In other words, the article that offended Ms. Catton did exactly what Ms. Catton said it did: it promotes abortion and, worse, it uses Christianity to do so.

Here’s one other random bit of information I took away from the magazine: Rahm Emanuel’s brother Ari, reputed to be one of the meanest agents in Hollywood (which is a high hill to climb) graduated from Macalester College in 1983. Again, I’m not sure he’s someone about whom I’d want to boast. Having said that, one of the more interesting Macalester grads is Peter Berg (Class of 1984) who’s been on conservative radars as a director and producer who makes TV shows (e.g., Friday Night Lights), movies, and even TV commercials that are almost not offensive to conservatives.

I have just one last point to make about this full-color, 50-page-long Macalester publication. It boasts that it’s printed on recycled paper, but it’s still printed, using ink (which affects the environment) and fossil fuel (for printing and mailing). In an internet world, it’s an environmentally unsound way to convey information to people.

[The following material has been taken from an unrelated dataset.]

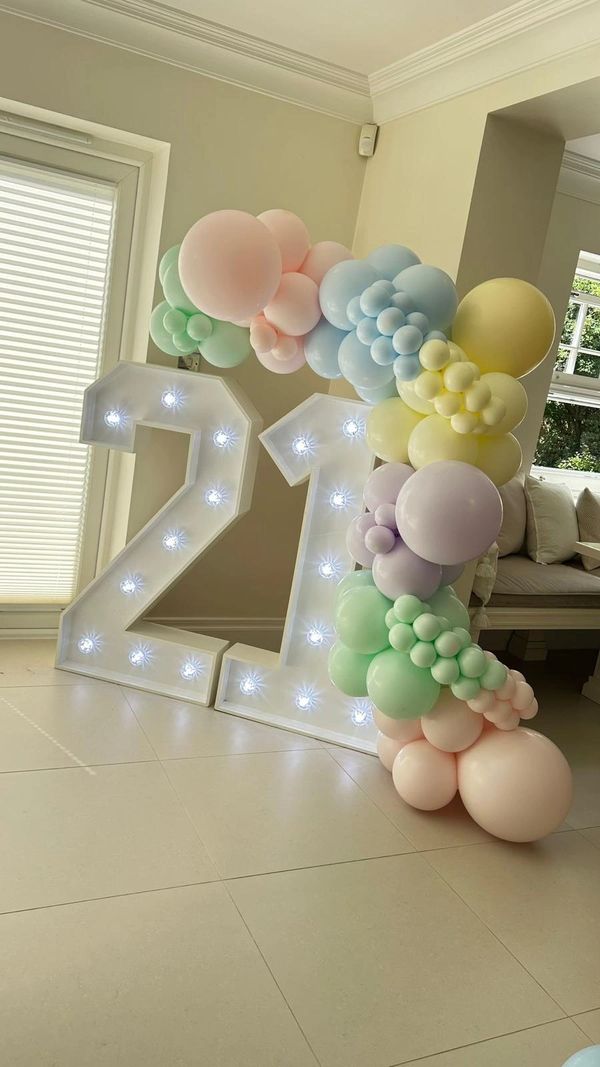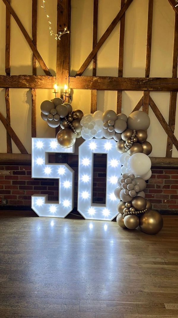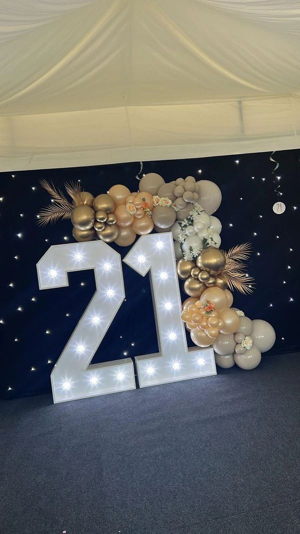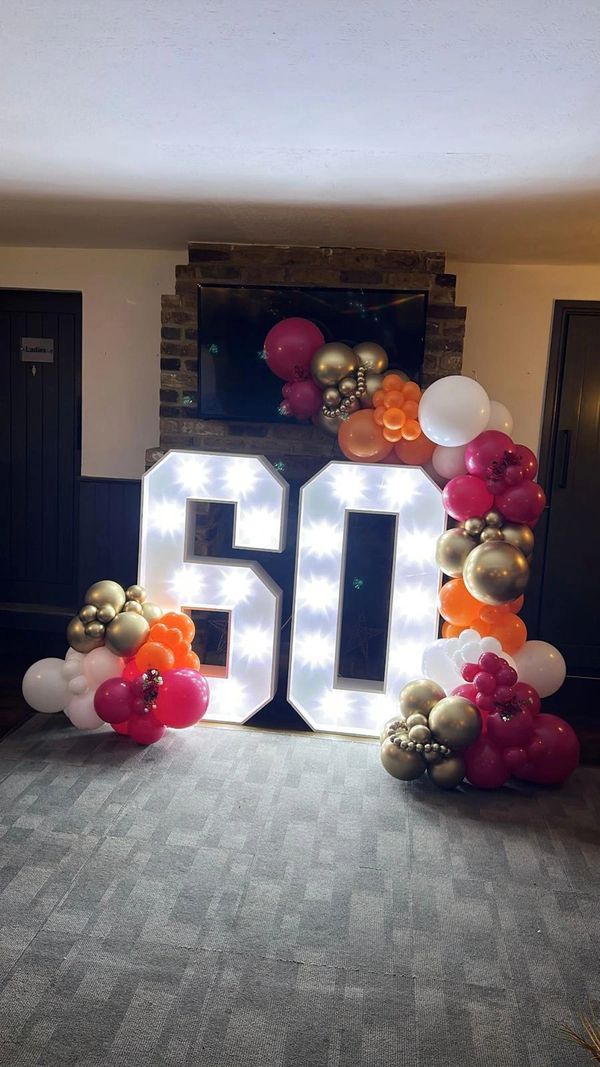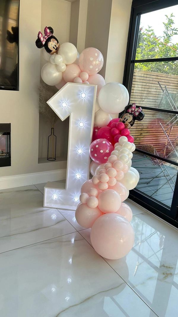 Light up number hire with organic balloon garland starting from £90 for 1 number or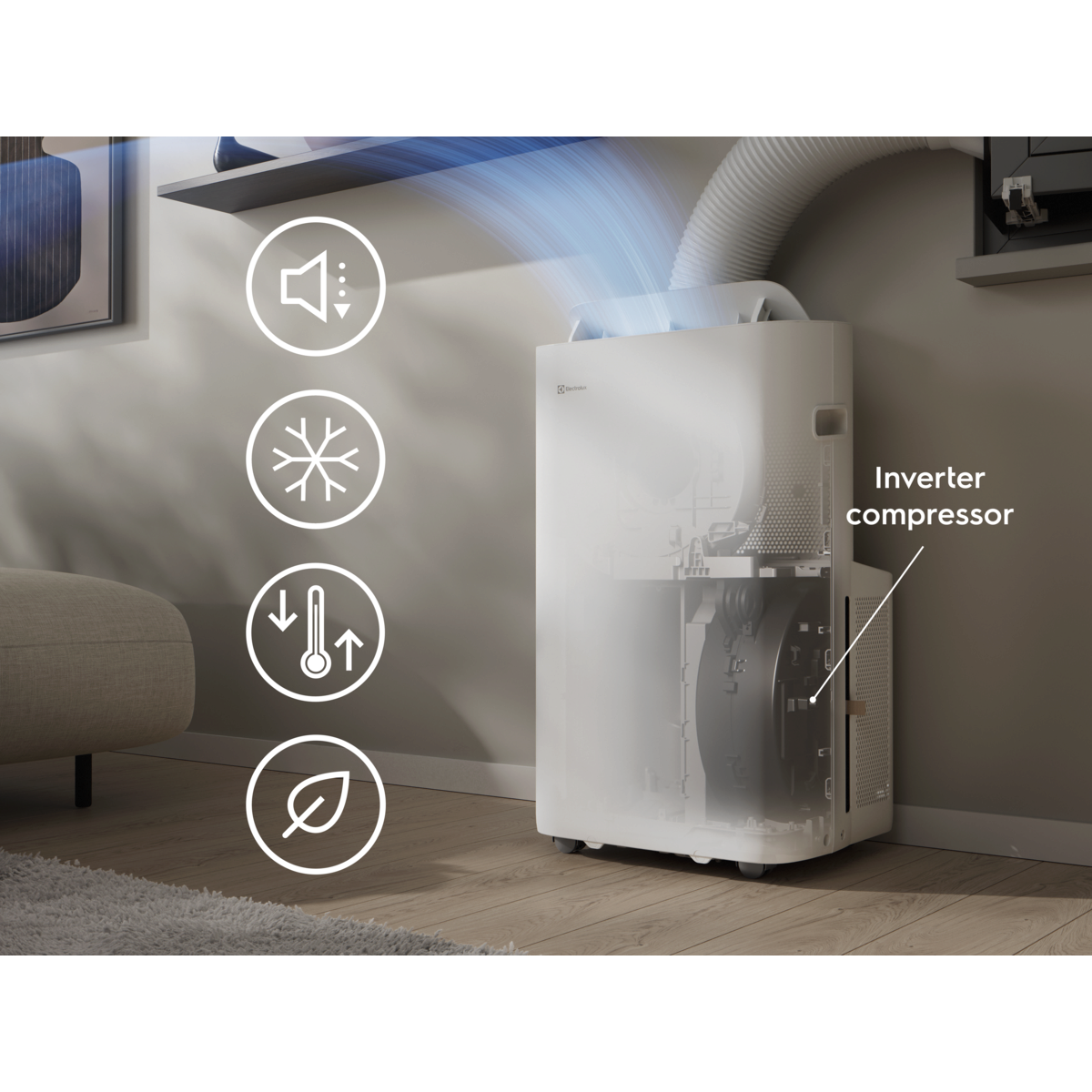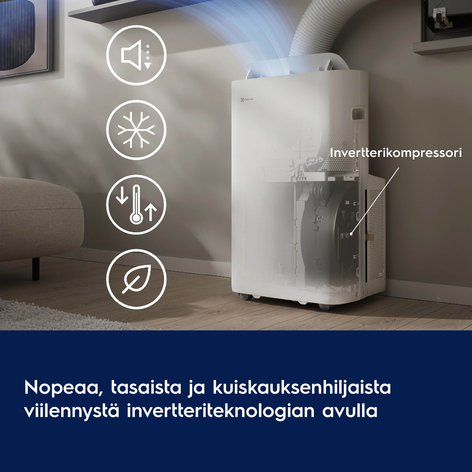 *Perustuu sisäiseen testiin, jossa vertailtiin invertterimoottorillista ilmastointilaitetta siirrettävään Electrolux 600 -ilmastointilaitteeseen perinteisellä moottorilla.

When I asked my friend why in the world she ordered the magazine she answered that she didn’t; it just showed up in her mail on account of her kid. She doesn’t know what to do with it. It’s seems wasteful to throw it away, but she has neither birds nor hamsters to put the pages to good use. For now, it just sits in her living room, where she ignores it . . . but it sure managed to irritate me.